Los mercados abrían con puntualidad, los niños reían en los jardines del este, y las campanas del templo sonaban como cada mañana.

Pero el aire había cambiado.

No era el aroma del incienso ni la brisa del verano; era otra cosa.

Era miedo.

Un miedo que se colaba silencioso entre las calles, que se ocultaba tras cada sonrisa de comerciante, tras cada paso apresurado de los servidores.

Desde la torre de observación del palacio, Suwei contemplaba el horizonte.

Más allá del campo de flores imperiales, columnas de humo se alzaban como señales de advertencia.

No eran incendios agrícolas; eran mensajes, un lenguaje en llamas que hablaba antes del ataque.

—¿Fuegos agrícolas?

—preguntó un ministro, con la voz cargada de incertidumbre.

—No —respondió Suwei, con la vista fija—.

Son advertencias.

Están cantando… antes de atacar.

En las zonas exteriores de la capital, aldeas aliadas comenzaron a recibir extraños visitantes: trovadores encapuchados que llegaban de noche, entonaban versos antiguos y desaparecían entre la niebla.

Cada estrofa era una amenaza velada, una semilla de terror que se plantaba en la mente de quienes la escuchaban.

Uno de esos versos llegó al palacio grabado en una tablilla: > “El loto duerme, el dragón duda, La espada canta en la garganta muda.

Quien no escuche, será ceniza, Y en la ceniza… renace la traición.” Los sabios imperiales debatieron el significado durante horas, pero Suwei no necesitaba traducción.

Cada palabra era clara: estaban preparando el terreno, intentando romper la unidad del pueblo con miedo antes de que la guerra realmente comenzara.

Jin Long convocó una audiencia pública.

Miles acudieron a la Plaza del Mandato Celestial, con miradas expectantes y temerosas.

Nadie sabía qué anunciaría el emperador, pero todos sentían la gravedad de la situación.

Con voz firme, el emperador habló: —El Imperio ha vivido en paz durante generaciones.

Pero la paz no es un regalo eterno.

Es una decisión… y una defensa.

Suwei dio un paso adelante.

Su voz, clara y decidida, rompió el silencio: —Nos quieren dividir.

Quieren que dudemos.

Pero no hay grieta donde hay unidad.

Mi hija duerme bajo este mismo cielo.

Mi corazón late con cada uno de ustedes.

Y les juro esto: quien cante la canción del miedo… recibirá el eco de nuestra espada.

El pueblo estalló en vítores.

La unidad se reafirmaba.

Los susurros del miedo, que habían intentado calar en los corazones, se encontraron con la fuerza de quienes estaban dispuestos a resistir.

En las sombras, un emisario de la Casa del Tigre Blanco bajó la mirada.

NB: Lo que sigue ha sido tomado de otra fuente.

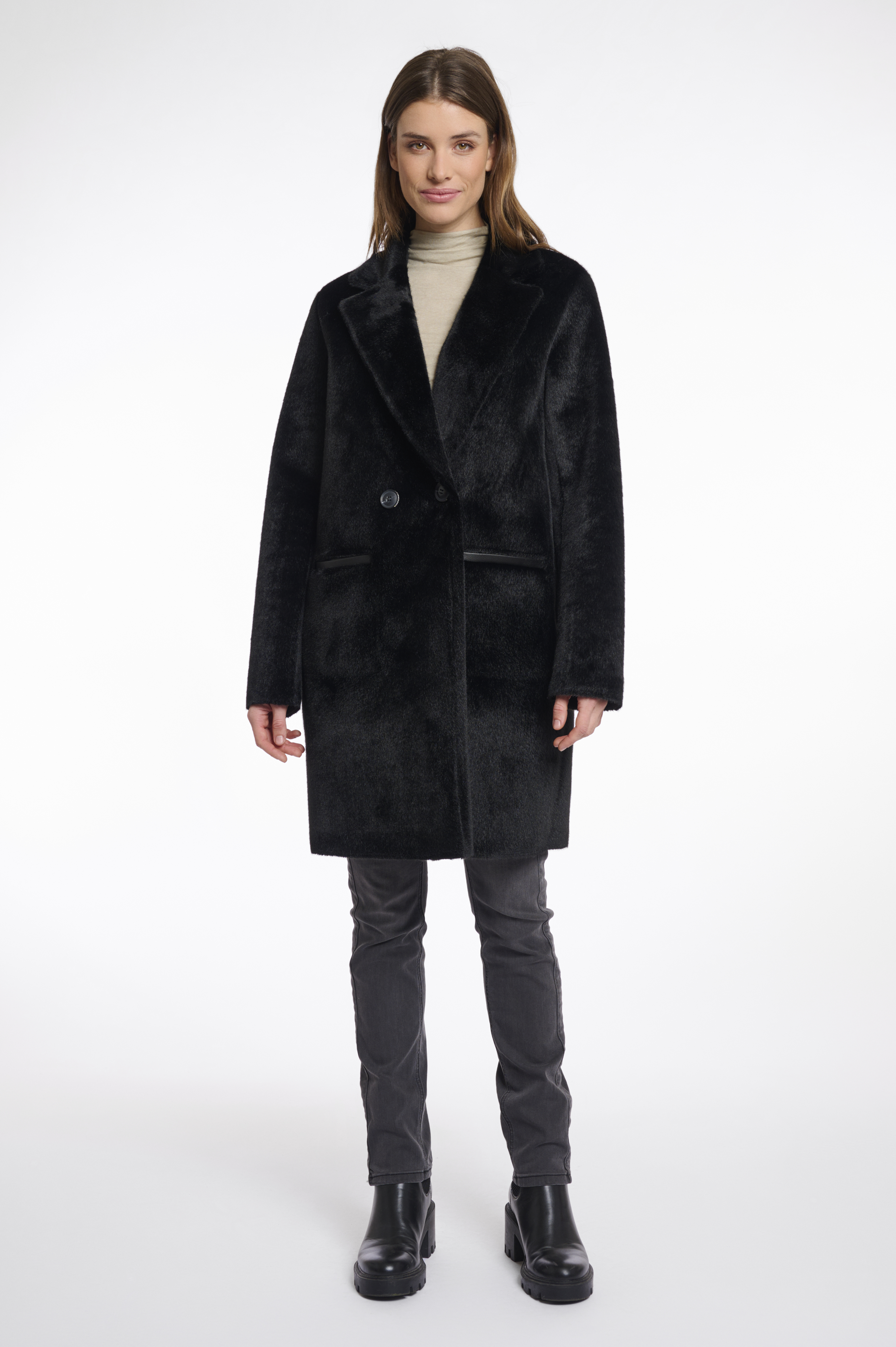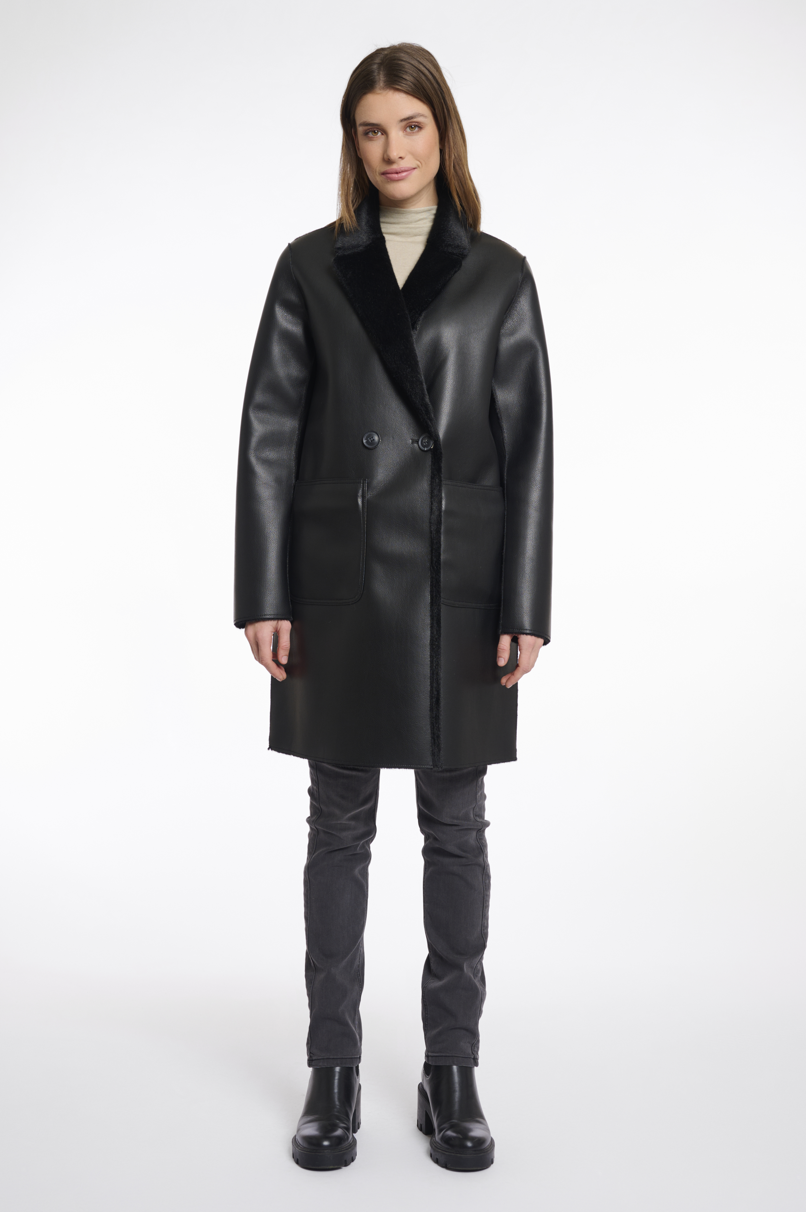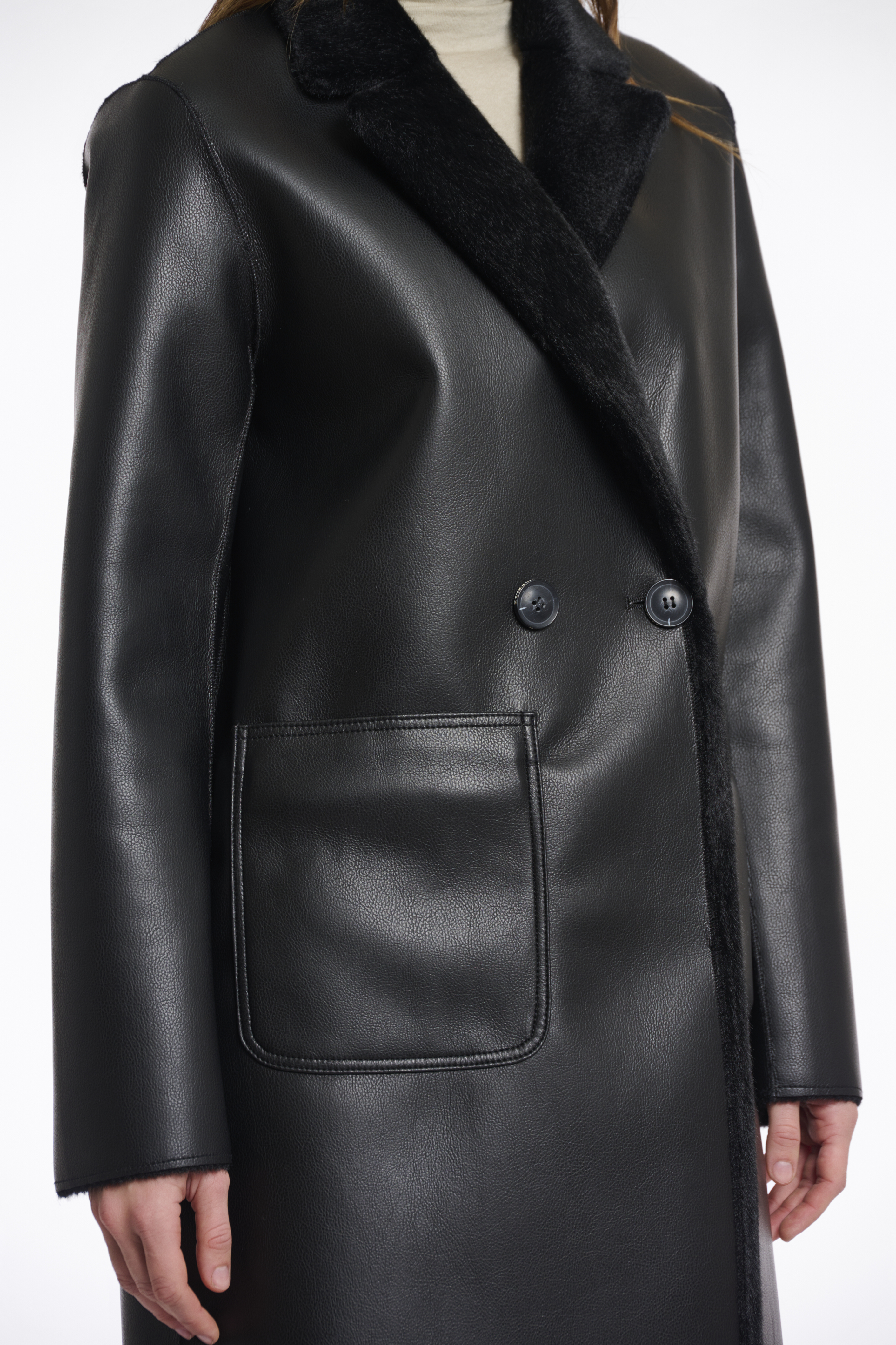 Cappotto doppiopetto reversibile in ecopelle ed ecopelliccia.

Los susurros no funcionaban.

La ciudad aún creía, y eso era un obstáculo que tendría que ser eliminado con astucia y violencia.

Esa noche, Suwei y Jin Long caminaron solos por el Jardín del Amanecer.

No hablaron de guerra ni de política.

Solo se detuvieron a observar las flores, a sentir la brisa y a escucharse.

Por un instante, el miedo no pudo alcanzarlos.

Cada risa de los pétalos y el susurro del agua parecía recordarles que había algo por lo que valía la pena luchar: la vida, la familia, la pequeña Xiaolian, y la ciudad que se mantenía firme ante la amenaza.

— Capítulo 6: Las garras del sur se cierran – versión desarrollada La guerra… había comenzado, aunque muchos aún no lo sabían.

Los informes de incendios, ataques y movimientos de tropas llegaban con cada amanecer, y cada mensaje hacía más evidente que la batalla no sería breve ni sencilla.

Jin Long se volvió hacia Suwei con rostro grave.

Le tomó la mano con fuerza, con un gesto que era a la vez protección y súplica: —Tú… llevarás a Xiaolian al castillo antiguo.

A las tierras altas de Lánhuā.

Allí estarás a salvo.

Es una orden.

Suwei lo miró, incrédulo y herido.

Su voz tembló, pero no de miedo, sino de una ira contenida por la separación: —¿Estás mandándome lejos…?

¿Ahora?

El emperador asintió, apretando la mandíbula con tensión.

La situación lo obligaba a decisiones que no deseaba tomar.

—Eres el consorte imperial.

El corazón del Imperio.

No puedo arriesgarte.

Suwei respiró hondo, el peso de las responsabilidades y de su amor chocando dentro de él: —Y yo soy padre, soy soldado, soy guardián de este pueblo —susurró—.

No puedo mirar desde la distancia cómo mi gente sangra.

El silencio llenó la sala, pesado y punzante, como un puño invisible entre ambos.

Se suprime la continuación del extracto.